De voorzieningenrechter oordeelt als volgt.
Spoedeisend belang
5. Ingevolge artikel 8:81 van de Awb [2] kan de voorzieningenrechter op verzoek
een voorlopige voorziening treffen indien onverwijlde spoed, gelet op de betrokken
belangen, dat vereist.
6. Op grond van artikel 8:83, vierde lid, van de Awb kan de voorzieningenrechter ook
in geval van een niet-kennelijke afdoening uitspraak doen zonder een zitting te houden
wanneer onverwijlde spoed dat vereist en partijen daardoor niet in hun belangen worden
geschaad. De voorzieningenrechter maakt gebruik van deze bevoegdheid omdat hij een spoedeisend belang aanwezig acht.
Inhoudelijke beoordeling
7. Het oordeel van de voorzieningenrechter heeft een voorlopig karakter en is niet bindend in de bodemprocedure.
8. In de eerste plaats overweegt de voorzieningenrechter dat de verzochte voorlopige voorziening een voorlopig karakter mist, voor zover daarbij wordt verzocht om verzoeker te behandelen als ware in het bezit van een mvv. Uit het systeem van de wet- en regelgeving volgt dat een vreemdeling in zijn land van herkomst een mvv dient aan te vragen, voordat hij Nederland kan inreizen. Als deze voorlopige voorziening wordt toegewezen zal verzoeker Nederland in kunnen reizen zodat de feitelijke situatie ontstaat die verzoeker met zijn aanvraag heeft beoogd, terwijl verweerder nog niet op het bezwaar heeft beslist. De gevolgen van toewijzing van de voorlopige voorziening zijn dan ook onomkeerbaar. De voorzieningenrechter zal het primaire verzoek van verzoeker om die reden niet toewijzen.

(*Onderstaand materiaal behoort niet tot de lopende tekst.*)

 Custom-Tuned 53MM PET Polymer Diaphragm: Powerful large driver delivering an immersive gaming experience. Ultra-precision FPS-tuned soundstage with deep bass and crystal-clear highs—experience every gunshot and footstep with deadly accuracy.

9. Wat betreft het subsidiaire verzoek van verzoeker wordt overwogen dat verweerder op grond van artikel 76, eerste lid, van de Vw [3] binnen negentien weken moet beslissen op het bezwaar van verzoeker. Bij brief van 15 februari 2023 heeft verweerder deze termijn verlengd met zes weken op grond van artikel 7:10, derde lid, van de Awb. Deze termijn is gaan lopen vanaf het moment dat verzoeker het verzuim heeft hersteld. [4] Verweerder heeft verzoeker op 15 februari 2023 een herstelverzuimbrief gestuurd, waarna verzoeker op 23 februari 2023 de gronden van bezwaar heeft ingediend. Dit maakt dat verweerder uiterlijk op 17 augustus 2023 een besluit op het bezwaar van verzoeker bekend dient te maken. De wettelijke beslistermijn is dus nog lang niet verstreken. De voorzieningenrechter kan verweerder dan ook niet opdragen om binnen twee weken een beslissing op zijn bezwaar te nemen. Ook het subsidiaire verzoek kan daarom niet worden toegewezen.

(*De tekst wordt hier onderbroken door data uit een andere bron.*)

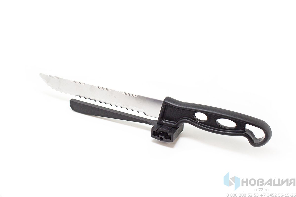 Нож с ограничителем применяется для ровной нарезки продуктов (в том числе, замороженных). 2-сторонняя заточка позволяет разделывать птицу и рыбу. Для основных продуктов используется лезвие с волнообразным краем. Ломтики получаются одинаковыми и аккуратными.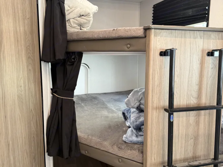 Cozy RV rental bunk beds, complete with privacy curtains, a ladder, and comfortable bedding.. Forest River Coachmen Freedom Express 2025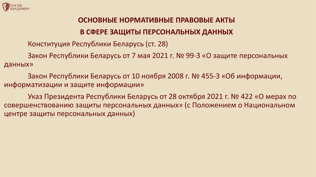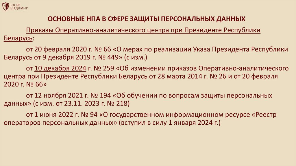 ОСНОВНЫЕ НПА В СФЕРЕ ЗАЩИТЫ ПЕРСОНАЛЬНЫХ ДАННЫХПриказы Оперативно-аналитического центра при Президенте Республики

10. De voorzieningenrechter is ervan op de hoogte dat verweerder kampt met capaciteitsproblemen. Verzoeker heeft met de kinderrechtrapportage van Defence for Children en de verklaringen van het [tijdelijk verblijfadres] en het Zorgsaam Ziekenhuis echter voldoende aannemelijk gemaakt dat sprake is van een schrijnende situatie. Verzoeker en referente hebben dan ook groot belang bij een spoedige beslissing op het bezwaar. Dit laat onverlet dat dit niet kan leiden tot toewijzing van het verzoek. Gelet op de schrijnende situatie verwacht de voorzieningenrechter echter wel van verweerder dat hij zo spoedig mogelijk en ruim binnen de wettelijke termijn een besluit neemt.
Conclusie
11. De voorzieningenrechter wijst het verzoek af.
12. Verweerder hoeft geen proceskosten te vergoeden.

Beslissing

De voorzieningenrechter wijst het verzoek om een voorlopige voorziening af.

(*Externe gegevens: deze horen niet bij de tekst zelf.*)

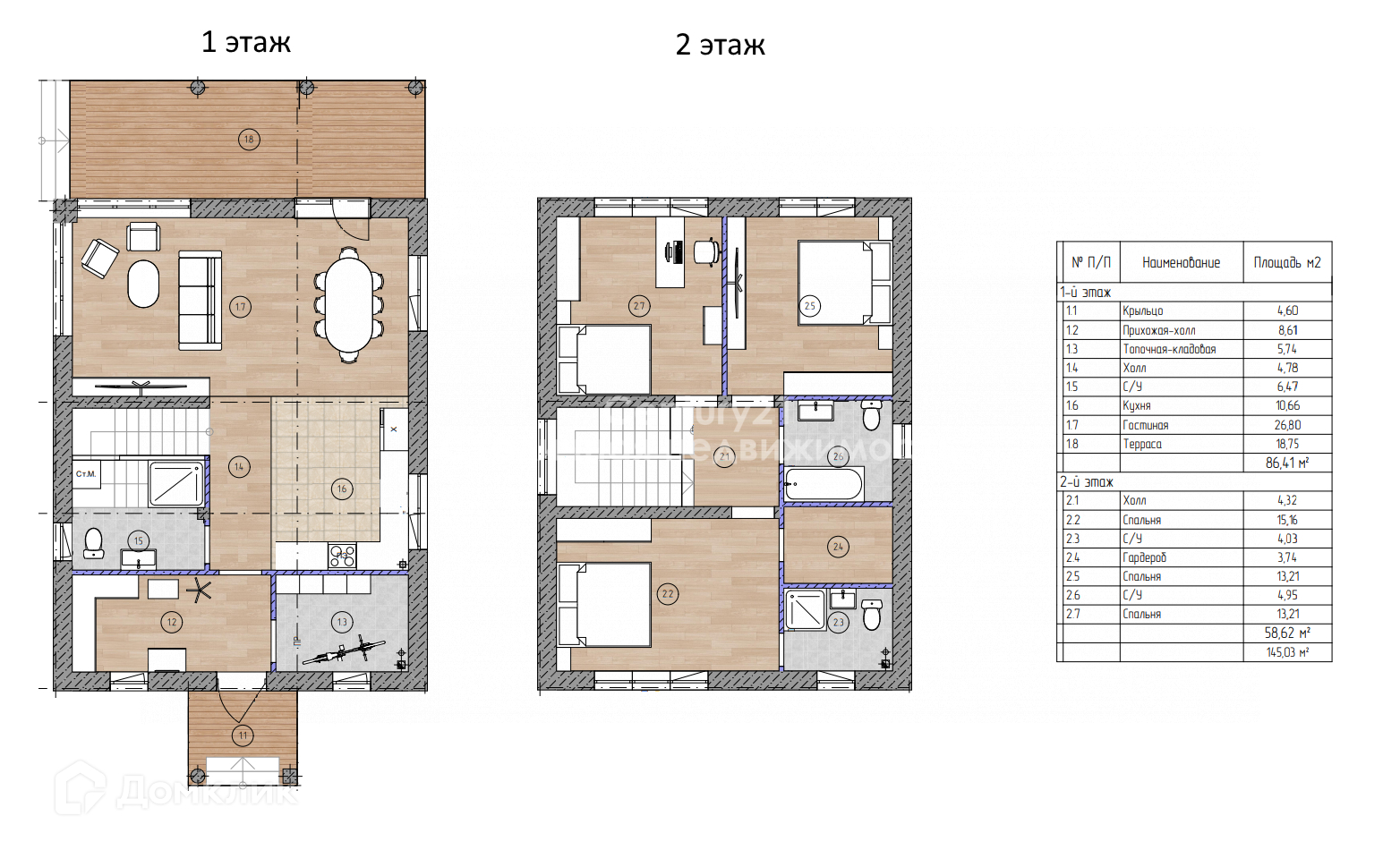 Большая кухня-гостиная, 3 санузла, гардеробная, терраса

Deze uitspraak is gedaan door mr. B.F.Th. de Roos, voorzieningenrechter, in aanwezigheid van mr.J. de Winter, griffier, en openbaar gemaakt door middel van geanonimiseerde publicatie op
www.rechtspraak.nl.
De uitspraak is bekendgemaakt op:
Tegen deze uitspraak staat geen hoger beroep of verzet open.

Voetnoten

1.Machtiging tot voorlopig verblijf.
2.Algemene wet bestuursrecht.
3.Vreemdelingenwet 2000.
4.Zie artikel 7:10, tweede lid, van de Awb.